While debt consolidation has numerous benefits to the borrower of the loan, it also comes with some downsides, especially if you are consolidating unsecured loans into a single secured loan. Remember that the initial loans were unsecured and now you are securing your new loan with your assets. This means that you are putting your assets at risk so that if you do not pay the loan, you stand to lose your pledged property, life insurance cover, retirement fund or whatever security you’ll have placed against your loan.
Nobody wishes not to pay his or her loan, but in a world full of uncertainties and economic hurdles, you do not want to gamble with your hard-earned assets, alright? In addition, the term of secured loans are often longer than the term of the security obligations you project to consolidate. This could mean that the total interest over the term is higher than the interest you would have to pay on each of the separate debts, even if the monthly repayment may be lower.

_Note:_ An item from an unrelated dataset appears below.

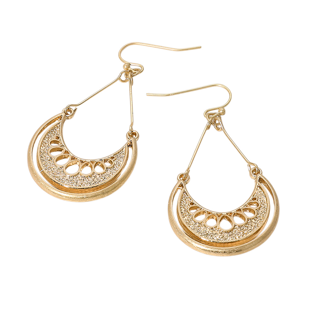 Boho Metal Crescent Cutout Drop Dangle Earrings

Debt Consolidation Through Unsecured Loans
While unsecured personal debt consolidation loans are becoming popular in modern lending practice, they are likely to be less accessible to many people who need them. When seeking unsecured debt consolidation, the borrower is expected to have above average credit score. Often, low interest, introductory rate on your credit card may be used to cushion against the risks associated with unsecured loans.
Pros of Consolidating With an Unsecured Loan
One of the benefits of consolidating your loans with an unsecured loan is that you do not put your assets at risk of foreclosure in the event you are unable to repay the loan. And even though the interest rate of such a loan may be higher compared to to secured loans, it may still be lower that what might be charged on individual credit card balances, thus reducing the overall interest rate burden of the borrower.
Cons of Consolidating With an Unsecured Loan
An unsecured Debt Consolidation Loan might be difficult to access by an average person with less than good credit. Therefore, a majority of the people looking to consolidate their debts may not qualify. In addition, the interest rates on these loans are usually damn higher than the interest charged on secured loans. What this means is that you may not realize much difference in terms of reduced repayment burden.